Immunotherapy with dendritic cells in combination with cytotoxic chemotherapy may eliminate minimal disease burden by generating cytotoxic T lymphocytes (CTLs). Improving the cytosolic bioavailability of tumor-specific antigens to improve access to HLA class I molecules would result in better generation of cytotoxic T lymphocytes. Numerous cell-penetrating domains (CPDs) are known to carry linked heterologous antigens through the plasma membrane into the intracellular compartment.
In a study reported in JAMA Surgery, Batchu and colleagues assessed whether fusing melanoma antigen family A,3 (MAGE-A3), a tumor-specific cancer-testis antigen, with a cell-penetrating domain would increase the cytosolic bioavailability of MAGE-A3. MAGE-3 was amplified by polymerase chain reaction and cloned in frame with a cell-penetrating domain (YARKARRQARR) at the amino-terminal end and hexahistidine at the carboxy-terminal end to generate CPD–MAGE-A3.
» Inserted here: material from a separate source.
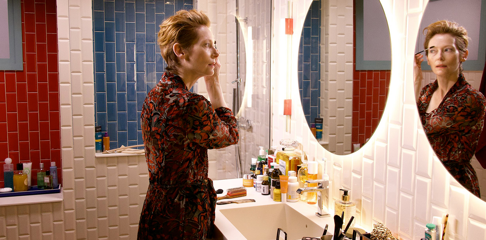 Avec cette réinterprétation, le cinéaste espagnol le plus célèbre au monde reste très littéral tout en prenant certaines libertés. À l’origine contrainte de rendre à l’homme qu’elle aime les lettres qu’ils se sont écrit, l’héroïne, chez Almodóvar, fait face aux mêmes mésaventures mais transposées version 2021, où la correspondance devient un ensemble de bagages Chanel et les conversations téléphoniques passent par le branchement d’écouteurs sans fil. Interprétée par Tilda Swinton – une actrice dont on est forcé de reconnaître le caractère intemporel –, la malheureuse du film, au lieu de s’apitoyer sur son sort, décide dès la première scène d’aller acheter une hache dans une quincaillerie. Une fois rentrée chez elle, elle s’adonne à un rituel ordinaire : se démaquiller, s’occuper du chien, changer de tenue et en préparer une autre, un costume d’homme, scrupuleusement posé sur un lit. Son appartement, lui, n’est en rien banal. La femme vit dans un décor de cinéma, lequel a été placé dans un hangar immense et sombre. Et si, à l’image de l’appartement, l’amant au bout du fil était lui aussi inventé de toutes pièces ?

Western blot analysis with MAGE-A3 antibodies recognized both MAGE-A3 and CPD–MAGE-A3 proteins, whereas analysis with cell-penetrating domain antibodies recognized only CPD–MAGE-A3. Purified CPD–MAGE-A3 exhibited improved dendritic cell membrane penetration vs MAGE-A3 alone. The finding on flow cytometry of high expression of unique dendritic cell markers (CD80, CD83, CD86, and HLA-DR) on dendritic cells was consistent with a mature dendritic cell phenotype, indicating that pulsing with CPD–MAGE-A3 did not alter the repertoire of cell-surface antigens required for T-cell activation.
The investigators concluded, “We have demonstrated for the first time, to our knowledge, that cloning and purification of MAGE-A3 with CPD enhances its cytosolic bioavailability in [dendritic cells] without altering cell-surface antigens, potentially making it a more potent therapeutic cancer vaccine compared with existing MAGE-A3 protein and peptide vaccines.” ■
Batchu RB, et al: JAMA Surg 149:451-457, 2014.